Melaye and his group had in the petition dated April 11 , detailed alleged graft and "outrageous use of powers against public interest" by the AGF; allegations the Presidency had since ordered to be investigated.
Melaye and his group, in their defence, however queried the professional competence and integrity of the AGF.
They also raised allegations bothering on corruption and abuse of office.
Melaye and his group stated that the nation's anti-corruption agencies - Independent Corrupt Practices and Other Related Offences Commission (ICPC) and Economic and Financial Crimes Commission (EFCC) have had cause to clash with Adoke over his moves to "castrate and frustrate them from investigating and prosecuting corruption and other economic and financial crimes in Nigeria.
"The plaintiff made Nigerians to believe that the Federal Government acted legally in facilitating the disputes involving OPL 245 allocated to Malabu Oil and Gas Limited owned by Chief Dan Etete when he knew or ought to know that: Chief Dan Etete was the Minister of Petroleum Resources on April 29, 1998 when his company, Malabu Oil and Gas Limited, was allocated OPL 245 by General Sani Abacha the then military Head of State contrary to section 10 of the Code of Conduct Bureau and Tribunal Act (Cap 56) Laws of the Federation of Nigeria, 1990 applicable at the material time.
*The oil block was cancelled and forfeited by the Federal Government under President Olusegun Obasanjo on July 2, 2011 which allocated same to Shell for 30 years leading to the institution of the suits filed by Malabu Oil and Gas Limited.
*The settlement sum of $1.1 billion was paid into depository Escrow Account No: 41454193 domiciled in JP Morgan Chase Co., London belonging to the Government of the Federation in line with section 162 of the Constitution.
*The said of sum $1.1 billion was withdrawn from the Account of the Government of the Federation without any appropriation by the National Assembly as required by section 59 of the Constitution.
*The purported amicable resolution of the disputes over the ownership of OPL 245 which culminated in the surrender of the oil block to Shell and ENI contravened the Federal Government Regulation of not selling more than 40 per cent shares in any oil block to foreign oil firms.
"Owing to the allegations of fraud, round tripping, corruption and abuse of office in the fraudulent settlement of the disputes involving the ownership of OPL 245, the House of Representatives passed a resolution to investigate the deal.

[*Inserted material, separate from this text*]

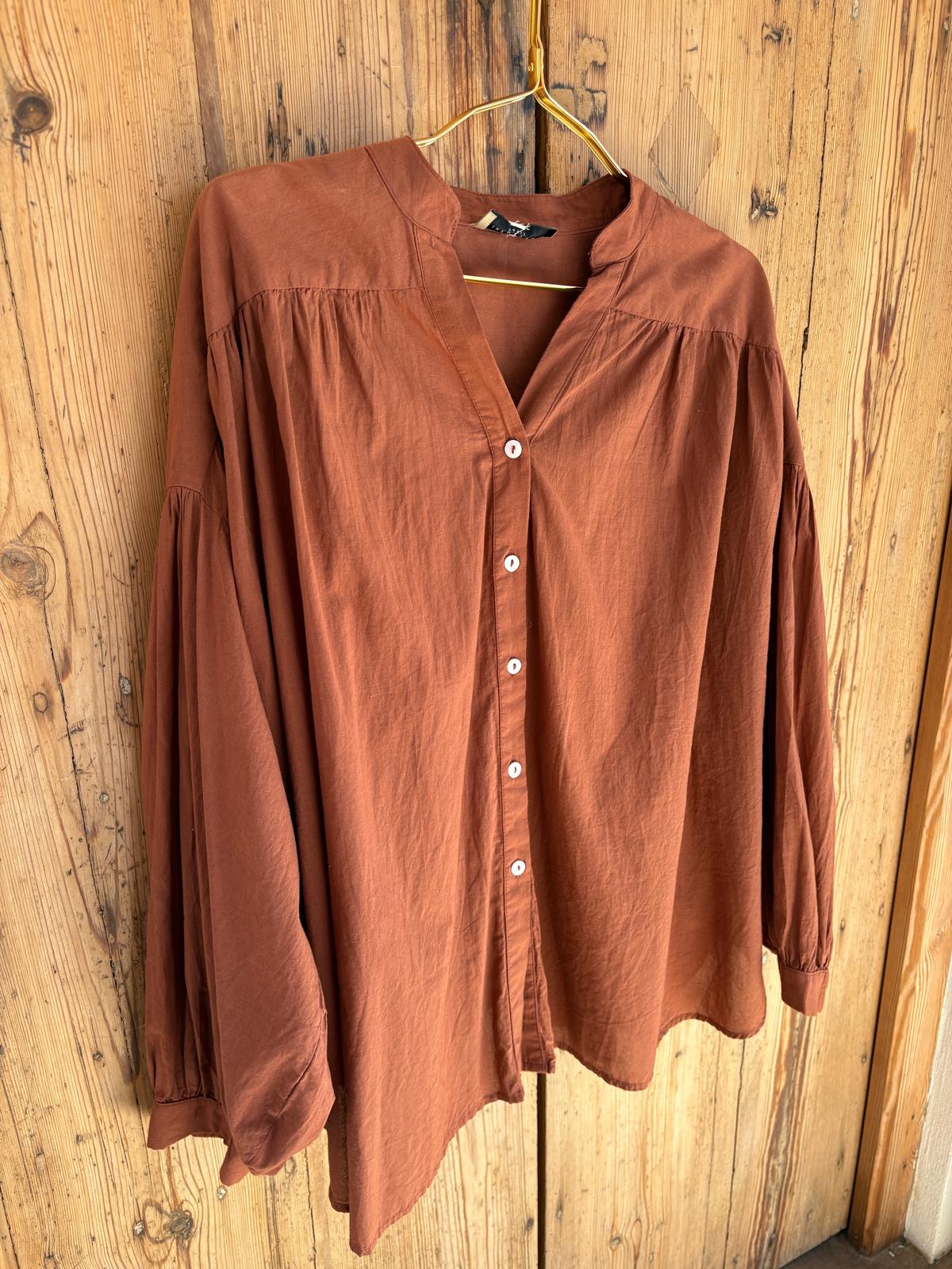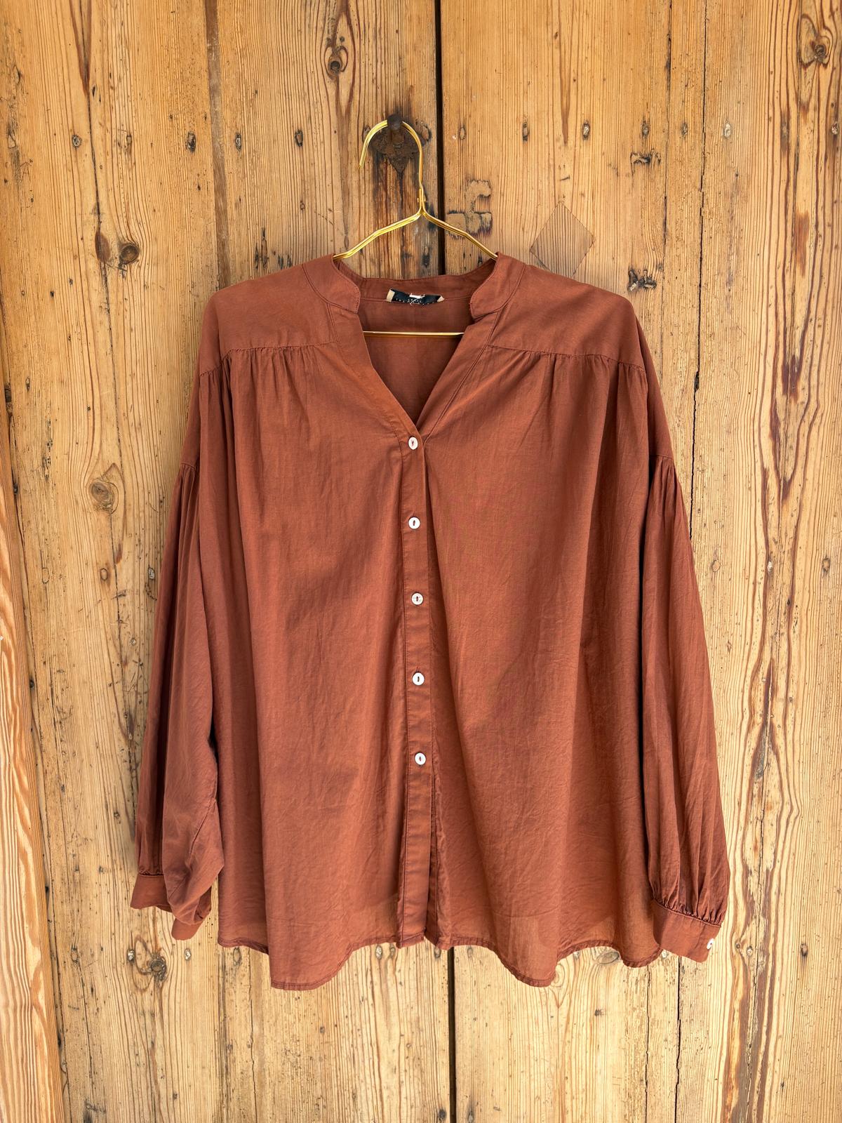 Camisa de manga larga y abullonadas, escote en V con cuello mao. De estilo amplio y fluido con caída recta.

When the Committee was set up the Plaintiff appeared before it to give testimony he justified the illegal and fraudulent transaction.
"Although the Committee has not submitted its report for the consideration of the House, the Plaintiff lied when he wrote to Global Witness, an anti-corruption agency based in the United Kingdom, that the House of Representatives had approved the Malabu Oil deal," the defendants stated.
Adoke , in a recent response on July 10, however described the allegations contained in the defendants' defence as "being embarrassing, scandalous, vexatious, disclosing no defence to the action and an abuse of the process of the court,” as he urged the court to strike out a substantial part of it.